Dataset records
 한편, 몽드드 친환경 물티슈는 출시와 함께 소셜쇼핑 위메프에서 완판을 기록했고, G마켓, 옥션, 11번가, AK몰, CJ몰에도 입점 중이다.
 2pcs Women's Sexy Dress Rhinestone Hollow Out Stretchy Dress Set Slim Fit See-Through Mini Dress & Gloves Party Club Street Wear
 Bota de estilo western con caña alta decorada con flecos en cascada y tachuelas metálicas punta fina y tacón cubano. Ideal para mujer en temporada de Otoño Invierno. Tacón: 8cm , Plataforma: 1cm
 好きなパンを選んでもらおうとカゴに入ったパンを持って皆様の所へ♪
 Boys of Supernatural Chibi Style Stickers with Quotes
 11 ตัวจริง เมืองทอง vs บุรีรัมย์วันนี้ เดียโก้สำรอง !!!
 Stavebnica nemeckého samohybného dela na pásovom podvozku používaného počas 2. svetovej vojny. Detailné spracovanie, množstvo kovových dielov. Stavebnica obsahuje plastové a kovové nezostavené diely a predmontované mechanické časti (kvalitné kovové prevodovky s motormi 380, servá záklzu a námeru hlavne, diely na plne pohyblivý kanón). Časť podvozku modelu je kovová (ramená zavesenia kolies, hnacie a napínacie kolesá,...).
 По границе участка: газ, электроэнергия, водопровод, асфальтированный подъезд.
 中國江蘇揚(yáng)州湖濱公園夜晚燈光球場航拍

Instructions for the task
From the line containing "11 ตัวจริง เมืองทอง" to the last line of the material, please quote every line exactly and only those.

Solution for this problem
 11 ตัวจริง เมืองทอง vs บุรีรัมย์วันนี้ เดียโก้สำรอง !!!
 Stavebnica nemeckého samohybného dela na pásovom podvozku používaného počas 2. svetovej vojny. Detailné spracovanie, množstvo kovových dielov. Stavebnica obsahuje plastové a kovové nezostavené diely a predmontované mechanické časti (kvalitné kovové prevodovky s motormi 380, servá záklzu a námeru hlavne, diely na plne pohyblivý kanón). Časť podvozku modelu je kovová (ramená zavesenia kolies, hnacie a napínacie kolesá,...).
 По границе участка: газ, электроэнергия, водопровод, асфальтированный подъезд.
 中國江蘇揚(yáng)州湖濱公園夜晚燈光球場航拍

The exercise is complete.